EDIX大阪2025「AIが教育を変える!~学びの主導権は誰の手に?~」を聴講して

「第8回 EDIX(教育総合展)大阪」は、2025年6月11日(水)から13日(金)までの3日間、大阪府大阪市住之江区のインテックス大阪で開催されました。

EDIX大阪は、西日本最大級の教育関連展示会として、今年で8回目を迎えました。
今回の展示会では、教育ICTや教材、サービスなどを提供する企業約120社が参加し、会場には、AIを活用した学習ツールやVR教材、さまざまな製品・サービスが展示されていました。
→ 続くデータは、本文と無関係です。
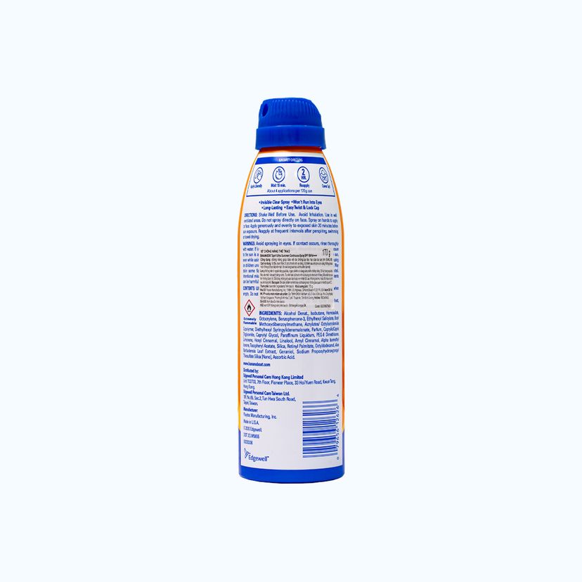 Alcohol Denat., Isobutane, Homosalate, Octocrylene, Benzophenone-3, Ethylhexyl Salicylate, Butyl Methoxydibenzoylmethane, Acrylates/ Octylacrylamide Copolymer, Diethylhexyl Syringylidenemalonate, Parfum, Caprylic/Capric Triglyceride, Caprylyl Glycol, Paraffinum Liquidum, PEG-8 Dimethicone, Limonene, Hexyl Cinnamal, Linalool, Amyl Cinnamal, Alpha Isomethyl Ionone, Tocopheryl Acetate, Silica, Retinyl Palmitate, Octyldodecanol, Aloe Barbadensis Leaf Extract, Geraniol, Sodium Propoxyhydroxypropyl Thiosulfate Silica [Nano], Ascorbic Acid

私は12日に会場に出向き、「AIが教育を変える!~学びの主導権は誰の手に?~」を聴講しました。
本講演では、青山学院大学の安藤昇先生が進行役を務め、AIと教育の未来について、立教大学の谷口恵子先生、名古屋大学卒アイドルとして活動するあずきあずさんと多角的な意見交換が行われました。
それぞれの立場で考えるAIとの付き合い方を知ることができ、非常に興味深いセミナーでした。
ご一読いただけますと幸いです。

タイトル: 「AIが教育を変える!~学びの主導権は誰の手に?~」
日時: 2025年6月12日(木)11:30~12:30
場所: インテックス大阪

登壇者:
安藤 昇 氏(青山学院大学・青山学院中等部非常勤講師)
谷口 恵子 氏(立教大学経営学部兼任講師)
あずき あず 氏(名古屋大学卒アイドル)

安藤昇氏:教師は「伝達者」から「ファシリテーター」へ

安藤氏は冒頭で、「AIをどう使うか」から「何をAIに任せるか」という新たな問題提起をされました。
旧来の一斉授業を行う「伝達者」としての教師の役割が、生徒一人ひとりの学びの火をつけ、必要な言葉を届けるファシリテーターへと変化する必要性を訴えられました。
AIが進化する時代だからこそ、対面での「人だからこそできる」関わりの価値が、一層高まっていることを示唆されており、教師と生徒の関係性の変化が今後の教育の鍵となると言われていました。

谷口恵子氏:AI活用に不可欠な三つの力

AI活用コーチも務める谷口氏は、AIを効果的に活用するために必要な三つの力として、「試行錯誤力」「言語化する力」「楽しむ力」を挙げられました。
進行役の安藤氏がいつも楽しそうにパソコンに向きあい、AIを試している姿を紹介しつつ、AIという新たなツールに対して、大人も子どもも臆することなく、遊び心を持って主体的に向き合うことの重要性を語られました。
AIを単なる道具としてではなく、共に成長し、新たな可能性を切り拓くパートナーと捉える《楽しむ》姿勢こそが、これからの時代を生き抜く鍵となると強調されていました。

あずきあず氏:生徒が求める「良い先生」像

名古屋大学卒アイドルのあずきあず氏は、生徒の視点から「良い先生とは、やる気を引き出し、学びのきっかけを与えてくれる存在です」と語られました。
この視点は、安藤氏が示した「学びの火をつける」教師像と共鳴するものであり、生徒が自らの興味に基づき主体的に探究できる授業の重要性が示されました。
AIという新たなテクノロジーを前に、教師がファシリテーターとして生徒の学びを支援し、《生徒と教師》《生徒と生徒》がAIを活用して共に成長していくという教育の未来像について考えさせられました。

AIが変える教師の役割と学びの評価

今どきの先生方は、教材研究よりも生徒・保護者対応に追われるのが現状ですが、AIが個別最適化された学びをサポートすることで、教師は生徒一人ひとりの学びのモチベーションを刺激する役割に集中できるのではないか、という見解も示されました。
また、これからの学びは、問題の正解率で測る旧来型から「自分が何を学びたいかを見つけ出し、自らの個性を引き出す学び」へと移行していき、教育評価のあり方も変化していくのではないか、とのことでした。

まとめ:AIと協働する教育の未来へ

今回のセミナーは、AIが教育現場にもたらす変化、教師と生徒の新たな関係性、そして未来の学びのあり方について深く考える貴重な機会となりました。
AIが進化する中で、「人だからこそできること」の価値が再認識され、AIとの協働を通じて、生徒一人ひとりの可能性を最大限に引き出せる教育の実現への期待が高まる講演でした。